EXCERPTED DATA START
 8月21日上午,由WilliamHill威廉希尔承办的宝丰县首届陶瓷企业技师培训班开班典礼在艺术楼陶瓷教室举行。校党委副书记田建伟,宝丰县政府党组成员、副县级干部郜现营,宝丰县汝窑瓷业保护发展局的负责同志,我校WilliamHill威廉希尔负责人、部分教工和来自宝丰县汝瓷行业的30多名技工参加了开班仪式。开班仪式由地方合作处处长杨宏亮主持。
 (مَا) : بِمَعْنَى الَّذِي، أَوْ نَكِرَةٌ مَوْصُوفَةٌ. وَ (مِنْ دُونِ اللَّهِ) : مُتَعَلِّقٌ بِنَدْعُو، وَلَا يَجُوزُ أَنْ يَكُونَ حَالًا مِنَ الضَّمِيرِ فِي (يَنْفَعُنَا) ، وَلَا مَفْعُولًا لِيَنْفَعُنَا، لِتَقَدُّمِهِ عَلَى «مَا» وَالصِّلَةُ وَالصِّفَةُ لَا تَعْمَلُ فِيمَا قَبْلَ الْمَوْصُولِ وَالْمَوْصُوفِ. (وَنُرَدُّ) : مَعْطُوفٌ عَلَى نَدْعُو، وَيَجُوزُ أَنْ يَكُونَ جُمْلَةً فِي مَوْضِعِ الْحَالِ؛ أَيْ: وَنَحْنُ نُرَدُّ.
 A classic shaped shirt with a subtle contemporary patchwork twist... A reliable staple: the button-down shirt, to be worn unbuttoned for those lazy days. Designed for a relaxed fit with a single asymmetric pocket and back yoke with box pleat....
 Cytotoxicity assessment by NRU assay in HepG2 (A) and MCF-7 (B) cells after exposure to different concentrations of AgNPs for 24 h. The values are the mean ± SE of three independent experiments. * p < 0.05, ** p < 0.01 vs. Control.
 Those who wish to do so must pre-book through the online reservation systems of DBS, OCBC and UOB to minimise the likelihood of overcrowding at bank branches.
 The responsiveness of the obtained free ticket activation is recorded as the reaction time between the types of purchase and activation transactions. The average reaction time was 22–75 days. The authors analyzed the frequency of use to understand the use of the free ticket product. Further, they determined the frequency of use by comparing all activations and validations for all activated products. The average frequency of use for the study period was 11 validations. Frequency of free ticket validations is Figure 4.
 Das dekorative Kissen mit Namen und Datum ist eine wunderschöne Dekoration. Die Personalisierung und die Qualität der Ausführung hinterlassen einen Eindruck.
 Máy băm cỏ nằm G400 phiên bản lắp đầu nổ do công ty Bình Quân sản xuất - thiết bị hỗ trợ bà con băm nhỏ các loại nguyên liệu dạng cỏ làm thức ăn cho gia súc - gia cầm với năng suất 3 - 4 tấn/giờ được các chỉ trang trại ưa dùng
EXCERPTED DATA END
The entries above are to be retyped exactly, with nothing left out.

 8月21日上午,由WilliamHill威廉希尔承办的宝丰县首届陶瓷企业技师培训班开班典礼在艺术楼陶瓷教室举行。校党委副书记田建伟,宝丰县政府党组成员、副县级干部郜现营,宝丰县汝窑瓷业保护发展局的负责同志,我校WilliamHill威廉希尔负责人、部分教工和来自宝丰县汝瓷行业的30多名技工参加了开班仪式。开班仪式由地方合作处处长杨宏亮主持。
 (مَا) : بِمَعْنَى الَّذِي، أَوْ نَكِرَةٌ مَوْصُوفَةٌ. وَ (مِنْ دُونِ اللَّهِ) : مُتَعَلِّقٌ بِنَدْعُو، وَلَا يَجُوزُ أَنْ يَكُونَ حَالًا مِنَ الضَّمِيرِ فِي (يَنْفَعُنَا) ، وَلَا مَفْعُولًا لِيَنْفَعُنَا، لِتَقَدُّمِهِ عَلَى «مَا» وَالصِّلَةُ وَالصِّفَةُ لَا تَعْمَلُ فِيمَا قَبْلَ الْمَوْصُولِ وَالْمَوْصُوفِ. (وَنُرَدُّ) : مَعْطُوفٌ عَلَى نَدْعُو، وَيَجُوزُ أَنْ يَكُونَ جُمْلَةً فِي مَوْضِعِ الْحَالِ؛ أَيْ: وَنَحْنُ نُرَدُّ.
 A classic shaped shirt with a subtle contemporary patchwork twist... A reliable staple: the button-down shirt, to be worn unbuttoned for those lazy days. Designed for a relaxed fit with a single asymmetric pocket and back yoke with box pleat....
 Cytotoxicity assessment by NRU assay in HepG2 (A) and MCF-7 (B) cells after exposure to different concentrations of AgNPs for 24 h. The values are the mean ± SE of three independent experiments. * p < 0.05, ** p < 0.01 vs. Control.
 Those who wish to do so must pre-book through the online reservation systems of DBS, OCBC and UOB to minimise the likelihood of overcrowding at bank branches.
 The responsiveness of the obtained free ticket activation is recorded as the reaction time between the types of purchase and activation transactions. The average reaction time was 22–75 days. The authors analyzed the frequency of use to understand the use of the free ticket product. Further, they determined the frequency of use by comparing all activations and validations for all activated products. The average frequency of use for the study period was 11 validations. Frequency of free ticket validations is Figure 4.
 Das dekorative Kissen mit Namen und Datum ist eine wunderschöne Dekoration. Die Personalisierung und die Qualität der Ausführung hinterlassen einen Eindruck.
 Máy băm cỏ nằm G400 phiên bản lắp đầu nổ do công ty Bình Quân sản xuất - thiết bị hỗ trợ bà con băm nhỏ các loại nguyên liệu dạng cỏ làm thức ăn cho gia súc - gia cầm với năng suất 3 - 4 tấn/giờ được các chỉ trang trại ưa dùng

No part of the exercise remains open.